Dreht sich um. Schaut mich an.

Ich, die ich im limettengrünen Kleid dastehe, an der Ecke, im Schatten der Birke, und ihm nachsehe. Ich, die ich alle Finger bewege wie Insektenbeinchen, wie die Aufregung des Frühlings, und eines meiner hellen Beine leicht anhebe und über das andere lege, an die Wand gelehnt. Und ich schaue in die Birke hinauf, weit nach oben, mein Hals muss schön aussehen dabei, ein Bogen der Sinnlichkeit ist der Hals. Manchmal singe ich ein Lied. Wenn ich den Text nicht kenne, summe ich, aber weil Summen nicht Singen ist, verstumme ich. Meistens glänze ich. Meistens wissen die Menschen wenig von diesem Glanz. Meistens sehen sie mich an, und dann fragen sie sich, wie es möglich ist, dass es so etwas wie mich gibt.

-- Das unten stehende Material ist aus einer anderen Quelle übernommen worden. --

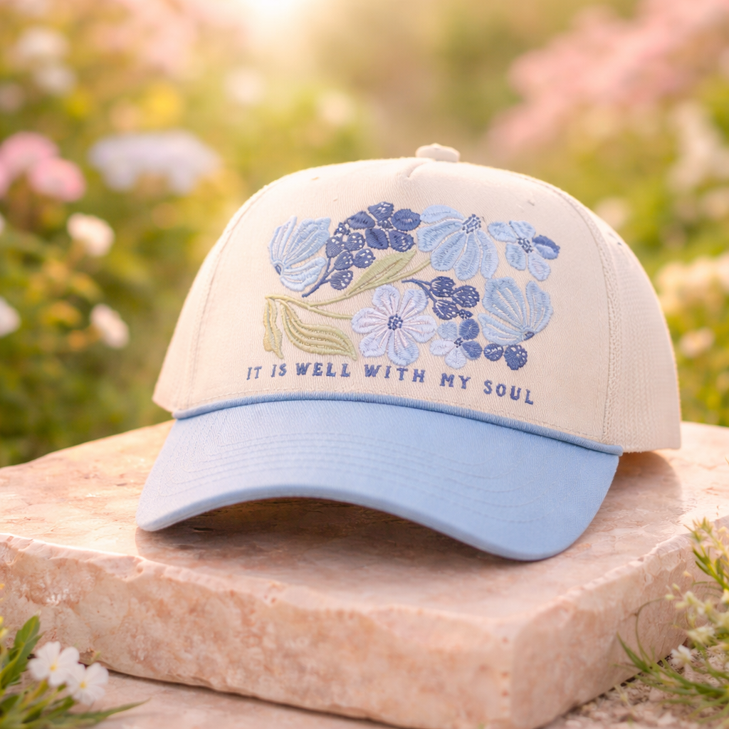 A cotton trucker hat from our Faith Collection displaying beautiful blue flowers replicated from original hand illustrated art with an inspirational sentiment that reads "It Is Well With My Soul." Floral design and inspirational sentiment is embroidered for added texture with a coordinating blue color cording accent. Our It Is Well With My Soul trucker hat is one size fits most with an adjustable snap closure to create the perfect fit and full mesh back for comfort and breathability in hot weather. Hand wash only. An inspirational accessory perfect for gifting and everyday self expression.
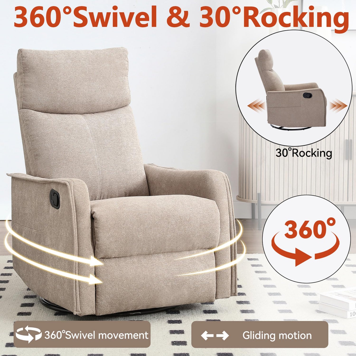 - Smooth Swivel and Gentle Rocking: This slim recliners for small spaces includes a 360° swivel base and gentle rocking functionality; Offering a soothing experience and seamless motion
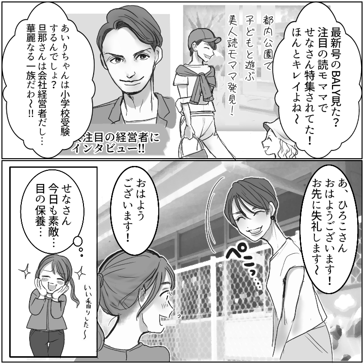 せなさんはひろこと同じ幼稚園に通う美人ママ。読モとしてよく雑誌に載っており、毎日おしゃれもメイクも完璧なため、園ママ達はせなさんに憧れていた。さらに、ご主人はイケメン経営者、娘のあいりちゃんは頭脳明晰で小学校受験を目指しており、華麗なるファミリーとして周りから注目されていた。
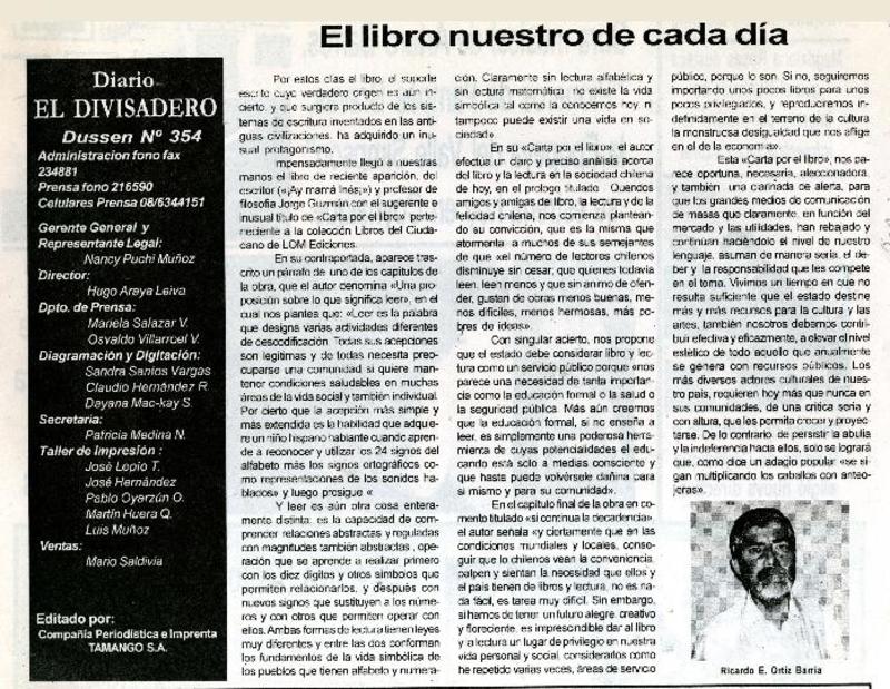 El libro nuestro de cada día [artículo]Ricardo E., Ortíz Barría.
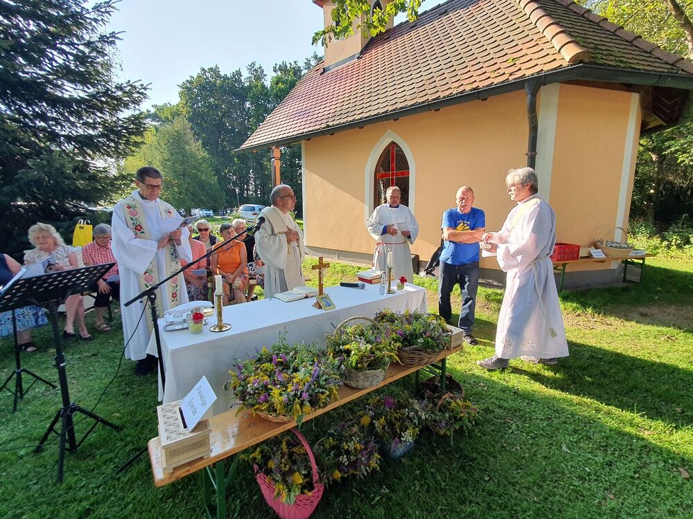 Mit einer wunderbaren Hl. Messe und anschließender tollen Feier, bei strahlendem Wetter, köstlichen Brötchen, leckeren Mehlspeisen, toller Musik, in entspannter Atmosphäre, mit würzigem Kräuterduft und der Kräuterweihe, haben wir Mariä Aufnahme in den Himmel wirklich würdig gefeiert. HERZLICHEN DANK ALLEN, die so zahlreich mitgeholfen haben und denen, die in all den Jahren für die Kaiserwald-Kapelle gesorgt haben.
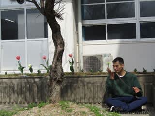 とても暖かい日ですねチューリップのお世話をしながら歌を歌ってくれましたやさしい歌声素敵です
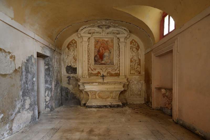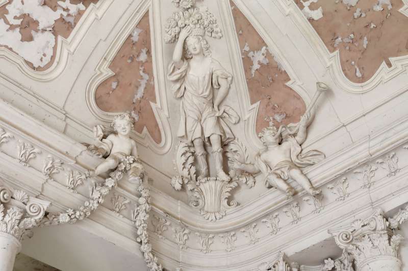 Il salone principale sito al primo piano, è ornato con stucchi che rappresentano figure allegoriche e putti sorreggenti ghirlande, la cornice perimetrale dalla quale si diparte la volta, poggia su colonne binate con capitelli in stile eclettico.

H. sitzt in seinem dunkelgrauen Bademantel in der Küche vor dem Computer und sucht nach Häusern im Süden von Schweden. Manchmal höre ich ihn, wie er hustet oder Schleim den Rachen hochzieht. Am liebsten direkt am Meer, ruft er, das Haus, sodass das Brechen der Wellen hörbar ist. Die Küste, ruft er. Vielleicht mit einer Veranda. Vielleicht mit roten Fensterrahmen und Türen. Mit dem Meeresrauschen, dem Wind. Und mit der Einsamkeit, vor allem anderen die Einsamkeit, ruft er.

Ich sitze auf der Toilette, draußen rennen drei Kinder in farbigen Skianzügen über die gefrorene Wiese. Eines in Rot. Eines in Grün. Eines in Gelb. Kein Wind.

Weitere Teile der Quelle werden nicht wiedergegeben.